KOAI has an effective radiated power (ERP) of 41,000 watts. The transmitter is in Crown King, Arizona, about 50 miles northwest of Phoenix, giving KOAI a rimshot signal in the metro area. Programming is also heard on 250-watt FM translator 94.9 K235CB in Chandler. The translator is fed by 103.9 KZON-HD2. The studios and offices are on 7th Street in Midtown Phoenix.

==History==
95.1 went on the air in 1996, licensed to Winslow, broadcasting from Mingus Mountain and covering areas of Northern Arizona. It was owned by Ted Tucker's Desert West Air Ranchers Corporation. Tucker moved the station in 2000 to the Crown King site (along with a change of city of license to Mayer, later changed again to Sun City West). It was sold in 2004 to Sun City Communications for $18.7 million. The new ownership flipped KFMR from a simulcast of Tucker's KCDX to the Hispanic rhythmic ("hurban") format as KVIB "Latino Vibe". As Latino Vibe, KVIB played a youth-oriented radio format playing both Spanish-language and English-language pop. The station's mix of music targeted the Valley's burgeoning young Latino population, particularly long-time residents who can speak English but prefer Spanish.

On January 23, 2014, KVIB changed its format to Spanish language adult contemporary, branded as "Solamente Éxitos" with a bilingual presentation.

On August 13, 2014, at noon, 95.1 flipped to Soft Adult Contemporary as 95.1 The Oasis, and nine days later, the station changed its call sign to KOAI. The last song of the Spanish AC format was "Royals" by Lorde with the first song on The Oasis being Cool Change by the Little River Band. The station played a Christmas music format for the 2014 holiday season, the second station in Phoenix after KESZ.

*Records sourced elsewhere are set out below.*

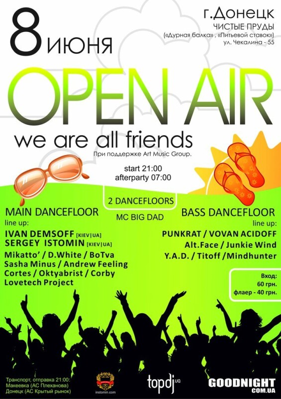 И вот наконец настало время нам открывать сезон вечеринок под открытым небом. В этот раз мероприятие пройдёт в живописном уголке Донецка "Питьевой ставок" - "Чистые пруды". По многочисленным просьбам о расширении репертуара было принято решение сделать два танцпола "Main Dancefloor", находившемся на первом этаже летнего открытого заведения и "Bass Dancefloor", находившемся на пляже рядом с заведением, а также гости с Киева: Ivan Demsoff and Sergey Istomin. Для вашего удобства на территории размещены два бара. На втором этаже заведения уютные места также с видом на водоём.Вас ожидает: уютная атмосфера, бесконечный музыкальный драйв, доступные цены, свежий шашлык.
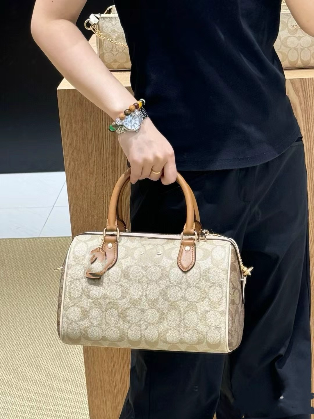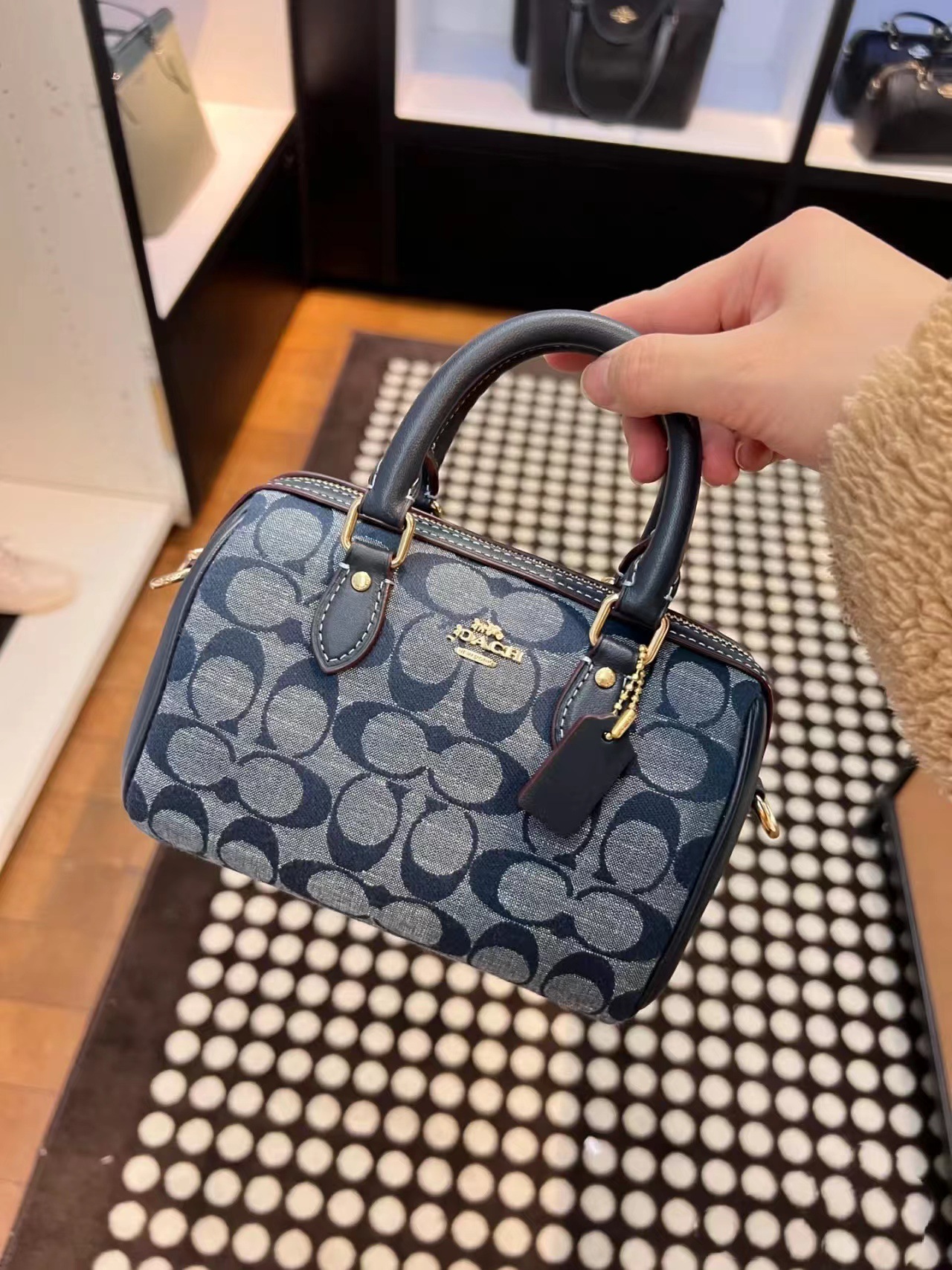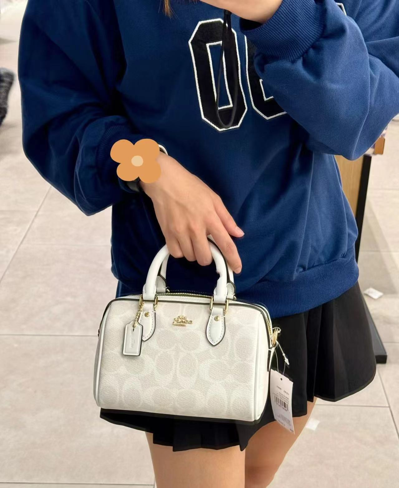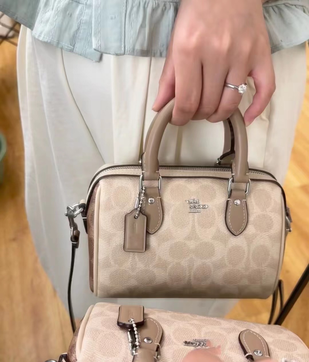 쿠의 새로운 로완 클래식 올드 플라워 보스턴 베개 가방 미니 핸드백 클래식 올드 플라워 크로스 바디 여성용 가방스토어 가기
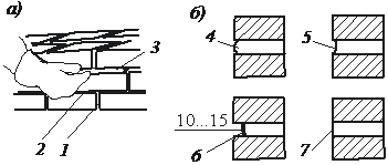 а – расшивка наружных швов; б – виды расшивки швов; 1 – вертикальные швы; 2 – горизонтальные швы; 3 – расшивка; 4, 5 – шов соответственно выпуклый и вогнутый; 6, 7 – шов заглубленный и вподрезку
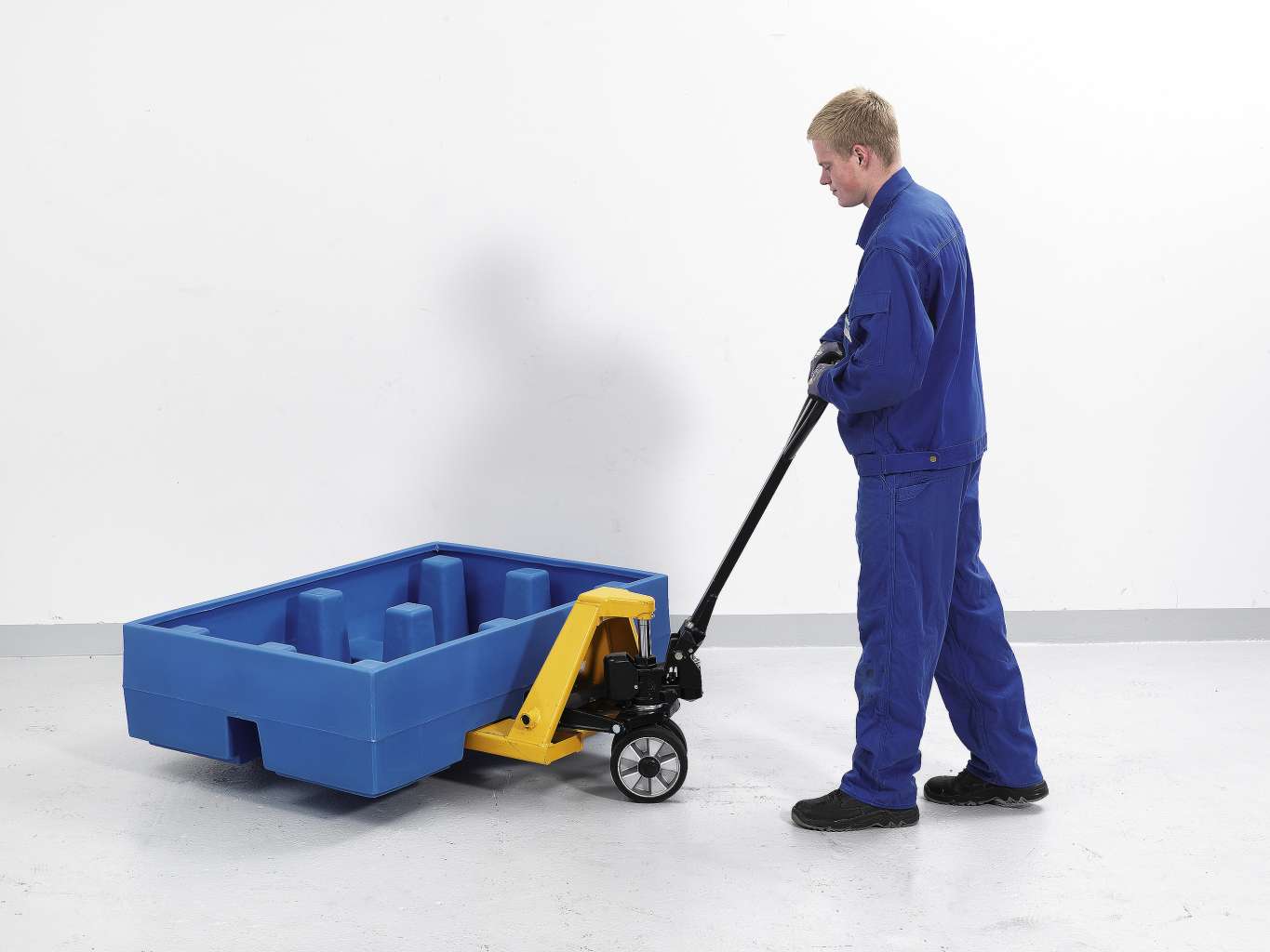 - 底座上的叉车口可使圆桶搬运车、托盘车和叉车安全地运输和装载圆桶
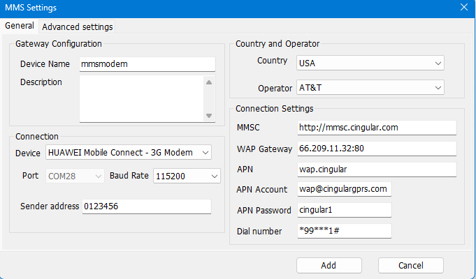 3. Choose correct country and carrier name then click button ‘Add’ then you may compose a MMS to send.

On April 9, 2015, 95.1 gained an FM translator, K235CB 94.9 on South Mountain, (licensed to Chandler), and also began simulcasting on the HD2 digital subchannel of KEXX.

In May 2015, KOAI adjusted its playlist to include more up-tempo selections from the 1990s through the present time, while still retaining a gold/soft AC-lean.

On June 5, 2015, while it was still a soft AC station, KOAI picked up Delilah's syndicated evening radio show. Delilah continued on the station through two additional format changes, first to a mainstream adult contemporary station, and then to classic hits. Delilah was discontinued on August 25, 2017, with evenings featuring more music.

On September 30, 2019, at 5PM, after playing "Addicted to Love" by Robert Palmer, KOAI changed its format from classic hits to a new format concept for baby boomers developed by veteran radio programmer John Sebastian. It originally blended pop, rock, soul, and country from a seven-decade span and branded as "The Wow Factor". The first song on The Wow Factor was "Ride My See-Saw" by The Moody Blues.